North Harbour Sea Eagles

Club information
- Founded: 1994; 32 years ago
- Exited: 1996; 30 years ago

Former details
- Grounds: Birkenhead War Memorial; Onewa Domain;
- Coach: Graeme Norton / Dominic Clark
- Competition: Lion Red Cup

Records
- Premierships: 1994, 1995

= North Harbour Sea Eagles =

Defunct NZ rugby league club, based in Auckland

The North Harbour Sea Eagles were a New Zealand rugby league club that represented the North Shore and Rodney District in the Lion Red Cup from 1994 to 1996. For the first two seasons they were coached by Graeme Norton.
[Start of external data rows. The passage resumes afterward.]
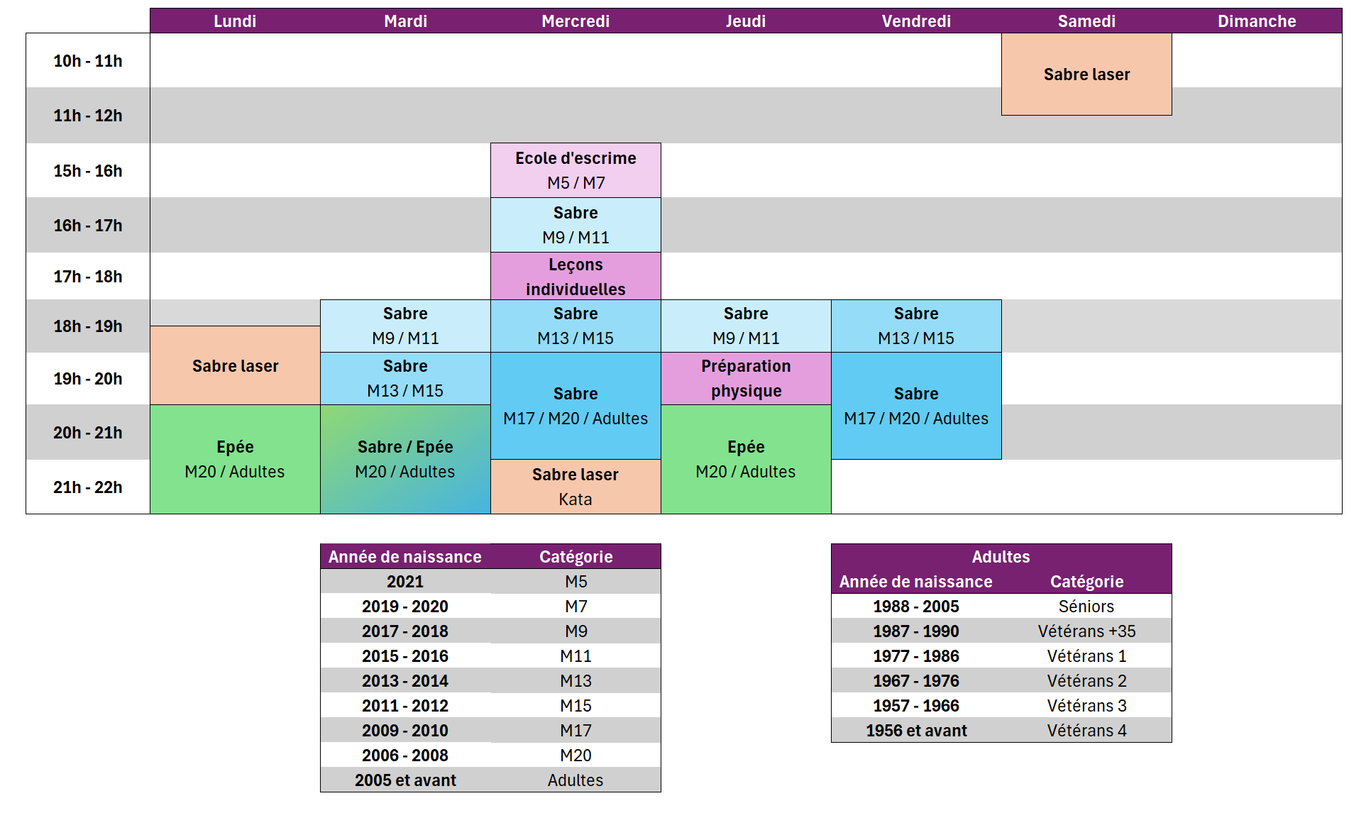 Les entrainements (horaires)
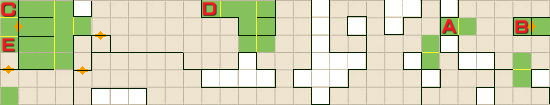 まず、ラフィンを倒した後に転送装置A(地点A)を使うと、地点Bへと跳ばされる。戻る時は地点B→Aというルートになる。 次に、防具屋の後ろにある転送装置C(地点C)からは、地点Dに跳ばされる。その先の部屋で、石板のかけらが2枚手に入るぞ。 ただし、戻る場合は転送装置D(地点D)から地点Eへというルートになるのだ。
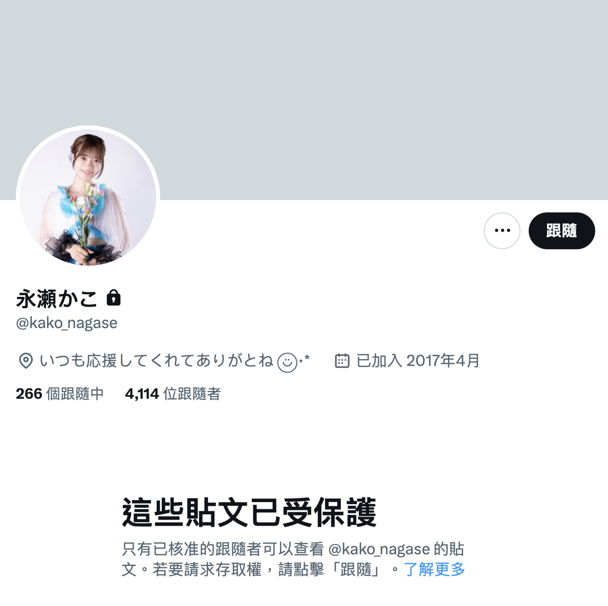 要找到她的照片不难,社群也还在(https://twitter.com/kako_nagase)但锁起来了,应该是无码作品曝光后很多人去朝圣让她不堪其扰所以不给看了;而她所属的偶像团体也在前天发表声明,上面是这么说的:
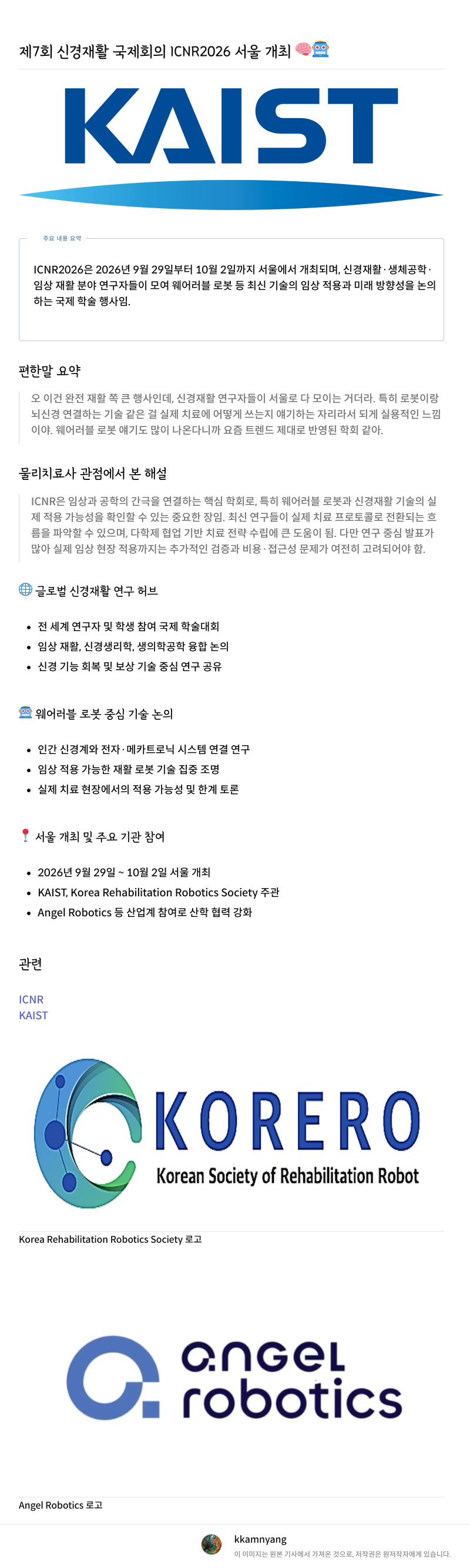 [출처] ICNR2026 - International Conference on NeuroRehabilitationhttps://2026.icneurorehab.org/
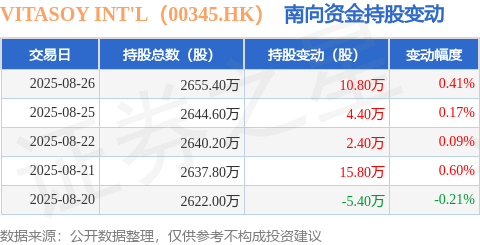 证券之星消息,8月26日南向资金增持10.8万股VITASOY INT'L(00345.HK)。近5个交易日中,获南向资金增持的有4天,累计净增持28.0万股。近20个交易日中,获南向资金增持的有13天,累计净增持197.0万股。截至目前,南向资金持有VITASOY INT'L(00345.HK)2655.4万股,占公司已发行普通股的2.5%。
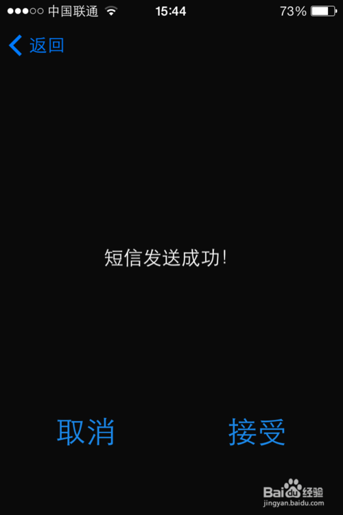 5、点击接受短信后,会出现如下提示,到此,iPhone4碰到的“sim卡发送了一条文本信息”就会终止
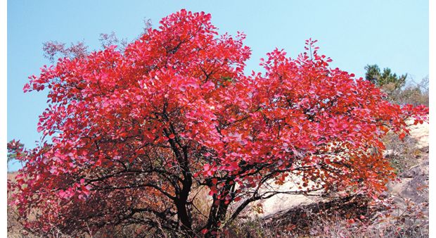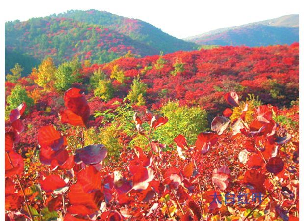 那是一个风和日丽、秋高气爽的下午。山路崎岖,沟壑纵横,进入我们视野的是看似近实则远的桐柏山太白顶下的盛家寨,在红叶簇拥下,更显示出古朴苍桑之美。我们顺着蜿蜒起伏的山路,爬上了山顶。山岭上生长着茂密的天然次生林,植物种类繁多,有几十种秋天红叶的植物。每到中秋轻霜过后,漫山遍野层林尽染,赤橙黄绿紫,争色斗艳,但红得鲜艳、红得热烈、红得美丽、红得时间最长数黄栌、五角枫和三角枫。漫山红叶中,最大的家族要数黄栌,最漂亮的当属五角枫。经霜一点鲜红亮丽,不掺杂色,鲜艳持久,红得让人难以相信是自然生成。举目眺望,沟沟垴垴,山山巅巅,簇拥相依,片片相连,漫山遍野的红叶扑面而来,如霞似火,流光溢彩,镶嵌着松树、萃柏的树叶鲜绿如夏、色彩斑斓的森林之中,显得更加层次分明,错落有致。还有那以菊科为主秋天开放的各种野花,在林下、在路旁、在溪边,争芳斗艳。绚丽挺拔的桐柏山把这五颜六色的山岭和那蓝天白云一同揽入她那宽阔的怀抱之中,我似乎走进了安徒生的童话世界。在这色彩斑斓的世界里,最亮丽、最显眼、最让人喜爱的便是红叶,像一朵朵明艳欲滴的彩霞,像一团团燃烧跳动的火焰,让人炫目,让人留恋,让人震撼,让人肃敬,让人遐想,让人寄托美好的向往和淡淡的情愫。当我遥望无边的红叶被落日照耀得如同燃烧的火焰时,我的心醉了,醉得全身的鲜血都在沸腾激荡!此时尘世的纷争、人生的浮沉全都伴随着片片飘洒的红叶飘向远方!
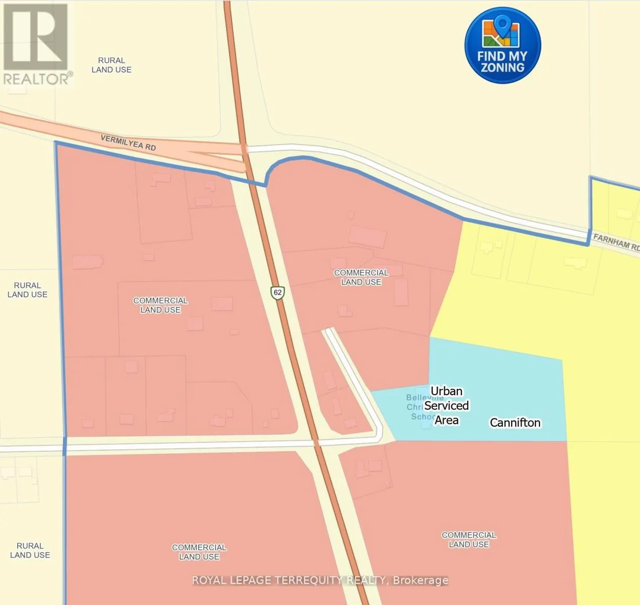 Cross Streets: South of Farnham Road on East of Highway 62 Off of Christina School Road. ** Directions: East of Highway 62 Off of Christian School Road. LOCATION, LOCATION, LOCATION...IT'S TIME FOR YOUR BUSINESS THRIVE. This 1+ acre lot is situated on a prime site to establish your business off of Highway 62 only 2 km north of highway 401. Currently zoned Development Control (DC). Belleville's Official Plan designates this property as Commercial Land Use. Re-zoning to commercial zones (C1, C2, or C3) are possible. C1 Zone and C2 Zone allows for Commercial and residential mixed uses. The C3 Zone is strictly only for commercial. You may review Section 4 Commercial Zoned within the City's Zoning By-law 2024-100 to view the permitted uses. Survey images and a PDF copy of the Zoning By-law 2024-100 is available on request. A great investment in your future. (id:27476)
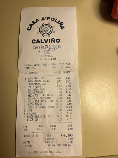 Read moreCasa A'poliña Calviño es un pequeño restaurante con nombre gallego, aunque su comida es muy variada.
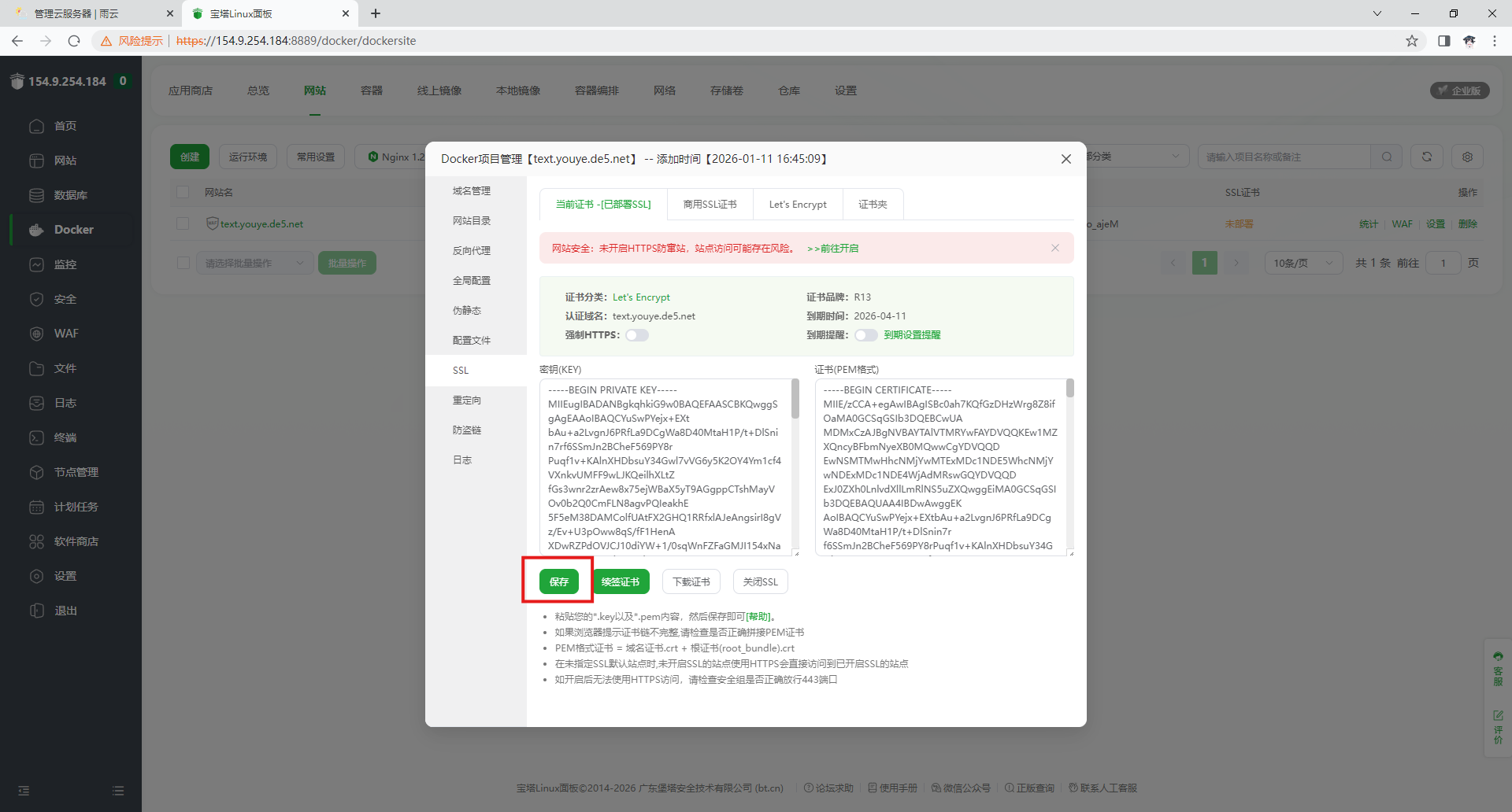 回到您的宝塔面板,点击上列网站,找到您刚刚创建的网站,点击右侧SSL证书下的未部署
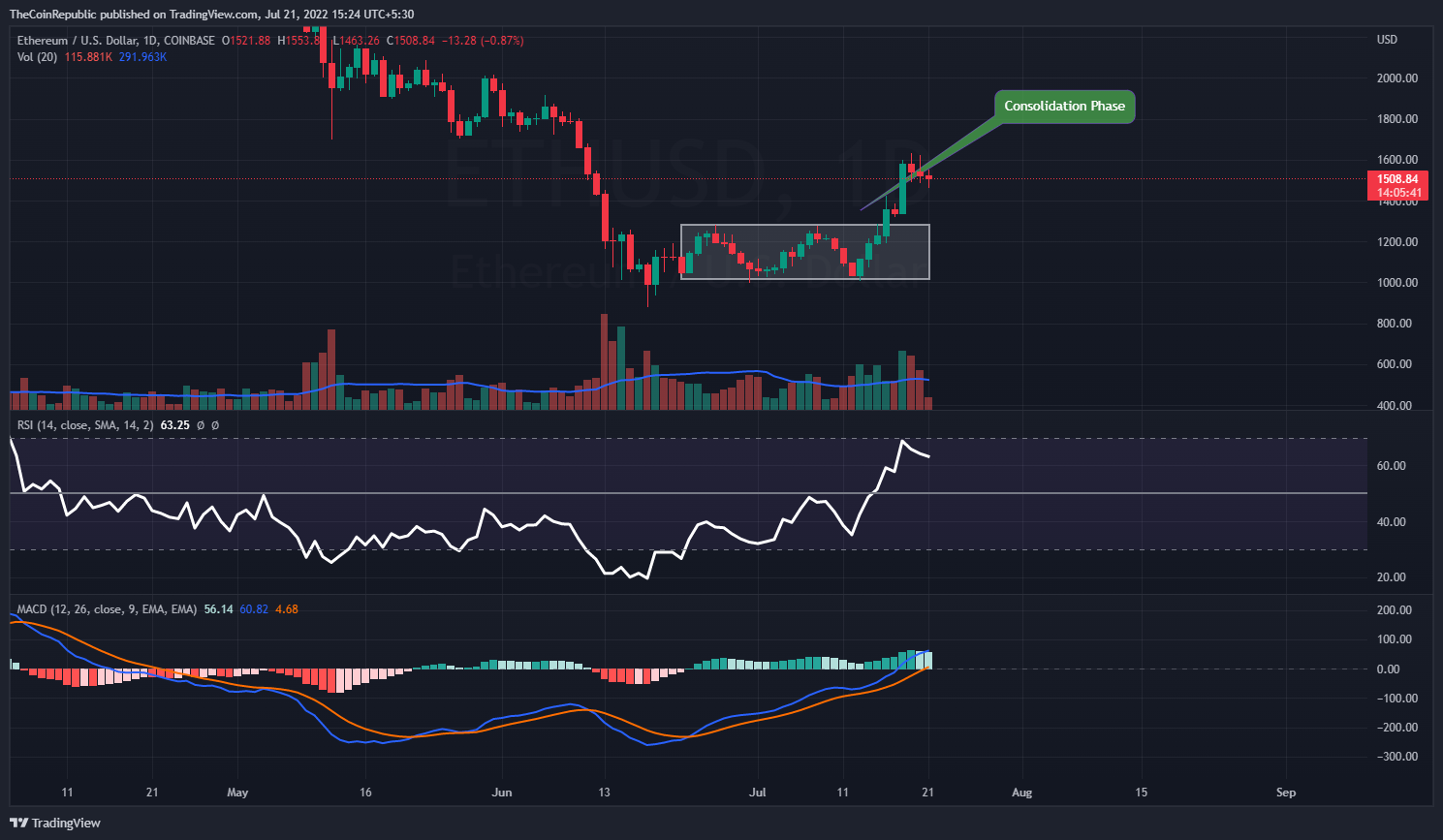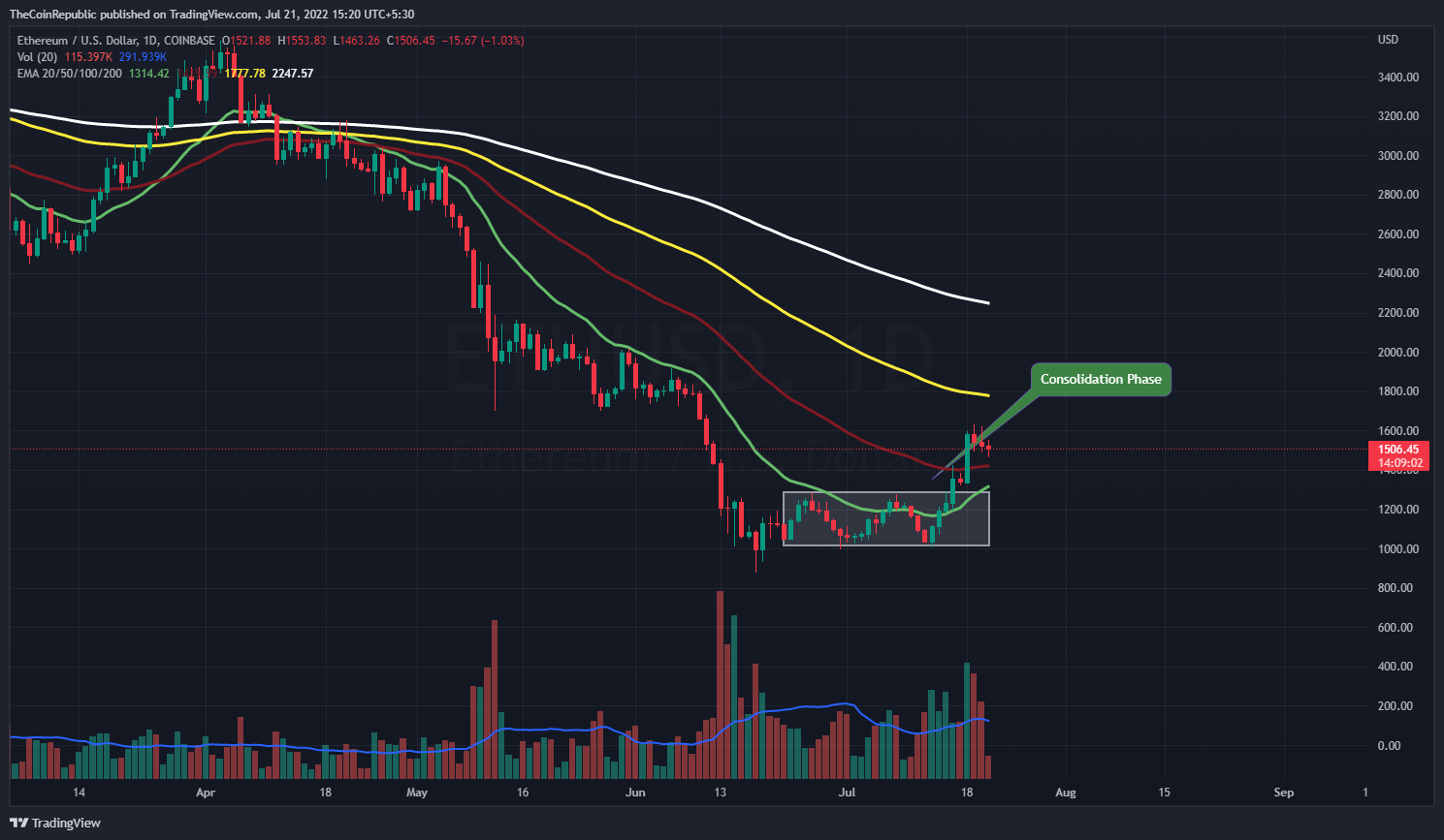 - Ethereum price has successfully escaped the consolidation phase and the token now falters to maintain itself above $1500.
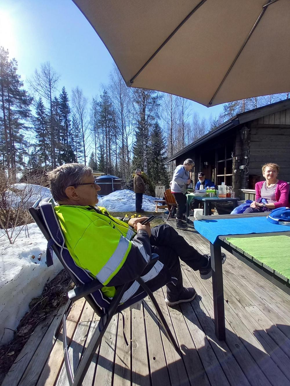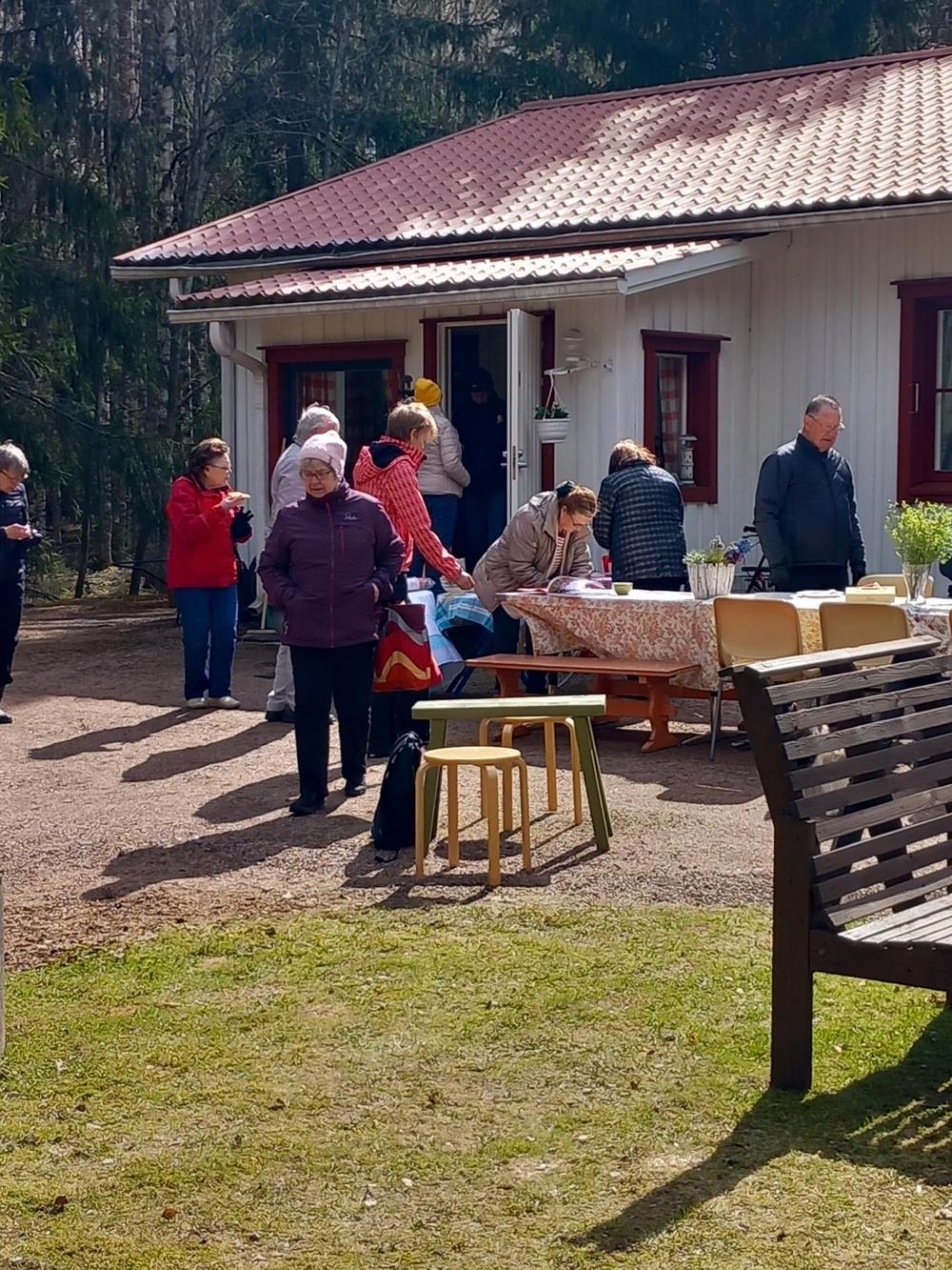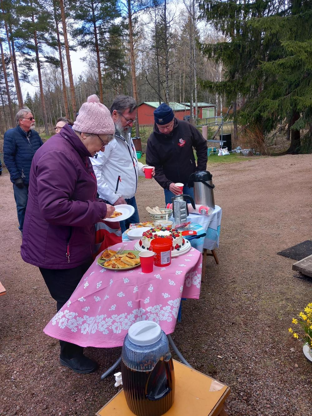 Vermijärvellä oli 24 jäsentämme , uusia ja vanhoja. Sää oli kaunis niin mikäpä parempi hetki nauttia luonnosta ja tarjoilusta. Inkku ja Erkki olivat paistaneet makoisat letut ja Pirjo tiikerikakun. Kahvin kera maistuivat hyvin ja tietenkin makkaraa oli tarjolla. Juttua oli piisannut sen verran että ei pelit ehtineet käynnistyä. Reilu kaksituntinen oli mennyt mukavasti hyvässä seurassa.
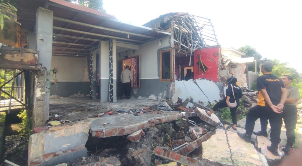 Rumah roboh adalah milik Fahrurradji, 65 berada di blok D2 Nomor 17. Rumah awalnya roboh pada bagian tembok kiri dan diikuti ambruknya separoh bagian atas rumah. Tembok sisi luar perumahan juga ikut roboh setelah tertimpa reruntuhan.

There two main feeder clubs were the Northcote Tigers and the Hibiscus Coast Raiders who both played in the first division of the Auckland Rugby League competition.

==Notable players==
Notable players included Ken McIntosh, Brian McClennan, 1994 captain Duane Mann, Fa'ausu Afoa, Paul Rauhihi, 1995 captain Don Stewart, Mike Setefano, Paki Tuimavave, Tony Tatupu, Latham Tawhai and Joe Vagana.

==Notable Matches==
In 1995 the Sea Eagles defeated the touring French side 40–10.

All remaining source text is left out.